Re: 2f9bbf392072: MDEV-18734 optimization by taking ownership via String::swap()

 

Hi Sergei,

On Tue, Dec 22, 2020 at 7:58 PM Sergei Golubchik <serg@xxxxxxxxxxx> wrote:
>
> Hi, Aleksey!
>
> On Nov 03, Aleksey Midenkov wrote:
> >
> > the updated patches are here:
> >
> > https://github.com/MariaDB/server/commits/5f6bcd6cd0145513974b0dfc5b2cefba28b72f1a
>
> I started writing my comments there, but realized that it'd be clearer
> if I reply here, more context. That is, see below.
>
> One comment about the new test case, you have 16K lines in the result
> file, are all 16K necessary? Can you do something like
>
>    select x, left(b,10), left(v,10)
>
> ?

Yes, these shorter result cases reproduce as well. Updated.

>
> And please, pretty please, don't use non-constant references as function
> arguments.

Why? With pointers we can pass NULL and we don't need NULL there, do we?

>
> > On Mon, Nov 2, 2020 at 11:33 PM Sergei Golubchik <serg@xxxxxxxxxxx> wrote:
> > >
> > > > diff --git a/sql/field.cc b/sql/field.cc
> > > > index bdaaecc20269..0fd40c979d2c 100644
> > > > --- a/sql/field.cc
> > > > +++ b/sql/field.cc
> > > > @@ -8310,6 +8310,7 @@ int Field_blob::store(const char *from,uint length,CHARSET_INFO *cs)
> > > >    copy_length= copier.well_formed_copy(field_charset,
> > > >                                         (char*) value.ptr(), new_length,
> > > >                                         cs, from, length);
> > > > +  value.length(copy_length);
> > >
> > > good! Could this be a distinct bug with its own test case?
> >
> > Do we need to spend time on that bureaucracy? There are real problems to
> > solve... Tickets drain time from the management people and generally from
> > anyone who sees them.
>
> I didn't mean opening an MDEV. Only writing a test case and extracting
> it into a separate commit.
>
> If this is a genuine bug fix and you don't create a test case - how can
> you be sure the fix will stay? It may disappear in a merge or a rebase,
> manually or automatically. Or in a refactoring that "looks fine, all
> tests pass". If you can create a test case - please, do.

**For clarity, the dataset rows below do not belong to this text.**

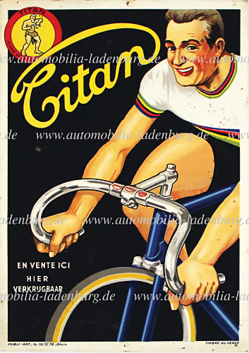 1960er Jahre Original Klapp-Werbetafel "Das große Continental Fahrradreifen-Programm", 46x59cm, mit Halterung an Rückseite und Beschädigung oben links
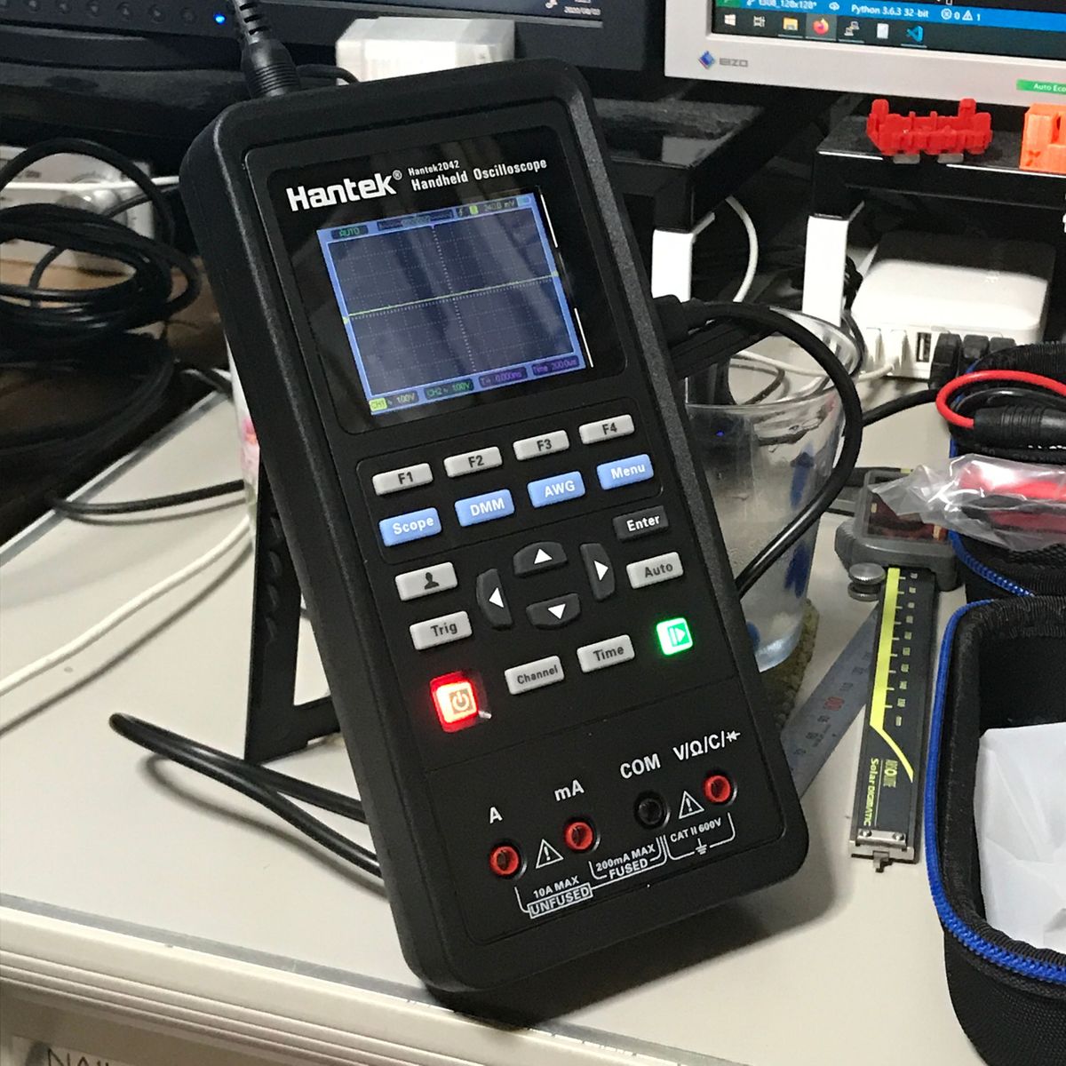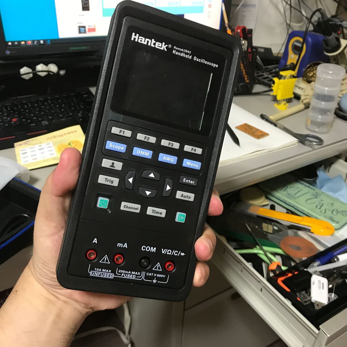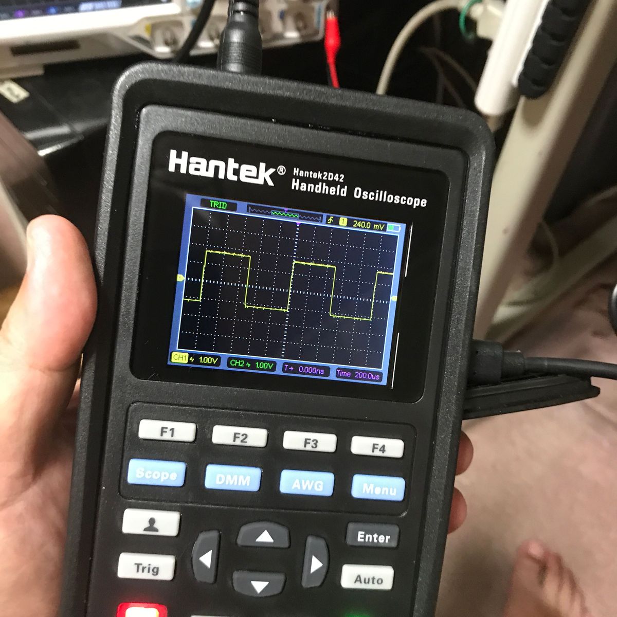 まだ FANコントローラをいじっている。 ESP32仕様でLCDもついているタイプの奴。 これはFANからのパルス信号で FANの回転速度がわかるのだが、 1回転が何パルスなのかがわからない。 フォトトランジスタでファンの影を検出し、 回転時の信号の周波数をオシロスコープで計測してやれば良いと 思うのだがブレッドボードで回路を組むのがメンドクサイ。 安い回転数計があれば、この機会に買っても良い。 調べると 1,554円のものがあるので買ってみた。
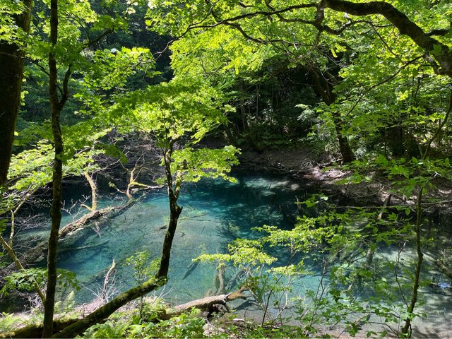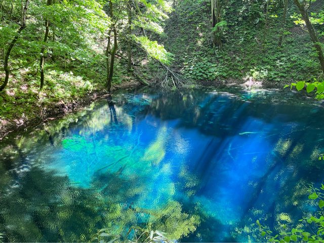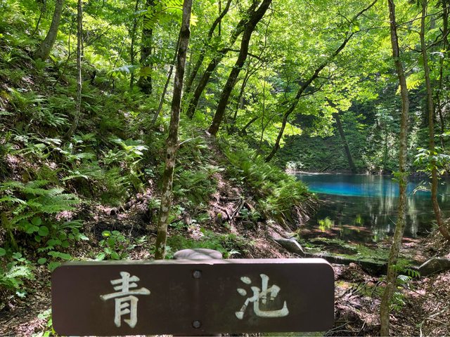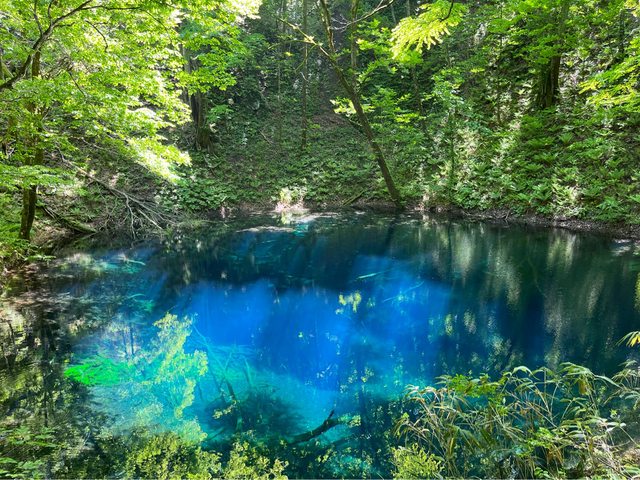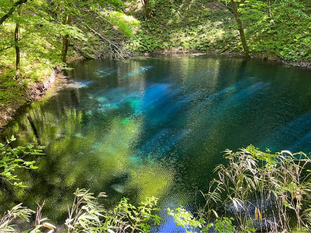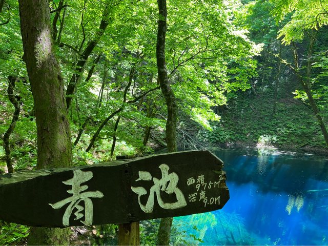 青池的水深9米,透過青藍色的池水也能看見悠遊水中的魚及沉在池底的樹木枯枝,足以

It is tested by federated.federated_partition test case. Why do we
have to extract this side-fix to a separate commit? Looks anyway as a
bureaucracy to me. The main bug is critical, the test case tests both
bugs nicely. If the partitioning code is refactored, the test case
still tests that side-fix.

>
> > > >    Field_blob::store_length(copy_length);
> > > >    bmove(ptr+packlength,(uchar*) &tmp,sizeof(char*));
> > > >
> > > > diff --git a/sql/ha_partition.cc b/sql/ha_partition.cc
> > > > index 9d82df0235c7..7c658082d397 100644
> > > > --- a/sql/ha_partition.cc
> > > > +++ b/sql/ha_partition.cc
> > > > @@ -5125,14 +5128,14 @@ bool ha_partition::init_record_priority_queue()
> > > >    uint alloc_len;
> > > >    uint used_parts= bitmap_bits_set(&m_part_info->read_partitions);
> > > >    /* Allocate record buffer for each used partition. */
> > > > -  m_priority_queue_rec_len= m_rec_length + PARTITION_BYTES_IN_POS;
> > > > +  m_priority_queue_rec_len= m_rec_length + ORDERED_REC_OFFSET;
> > > >    if (!m_using_extended_keys)
> > > >        m_priority_queue_rec_len += m_file[0]->ref_length;
> > > >    alloc_len= used_parts * m_priority_queue_rec_len;
> > > >    /* Allocate a key for temporary use when setting up the scan. */
> > > >    alloc_len+= table_share->max_key_length;
> > > >
> > > > -  if (!(m_ordered_rec_buffer= (uchar*)my_malloc(alloc_len, MYF(MY_WME))))
> > > > +  if (!(m_ordered_rec_buffer= (uchar*) alloc_root(&m_ordered_root, alloc_len)))
> > >
> > > I don't see why you need a memroot here. memroot is needed when you
> > > allocate later at difeerent points in time some initially unpredictable
> > > amount of memory that has the same lifetime and needs to be
> > > freed all at once.
> >
> > I know... This is just another convenient way of allocation with presumably
> > minimized number of mallocs (probably pre_alloc_size should be tweaked to a
> > better value).
>
> memroot wasn't created for that. There are approaches with much less
> overhead

Using memory pools like that is a nice design pattern for non-critical
sections. At least it is nicer than manual pointer management. I
believe I've seen the similar pattern in InnoDB with its memory pool
mem_heap_t even without preallocation! It would be nice to have a
special class that preallocates and manages pointers, but I do not see
the reason to develop that for this specific use case.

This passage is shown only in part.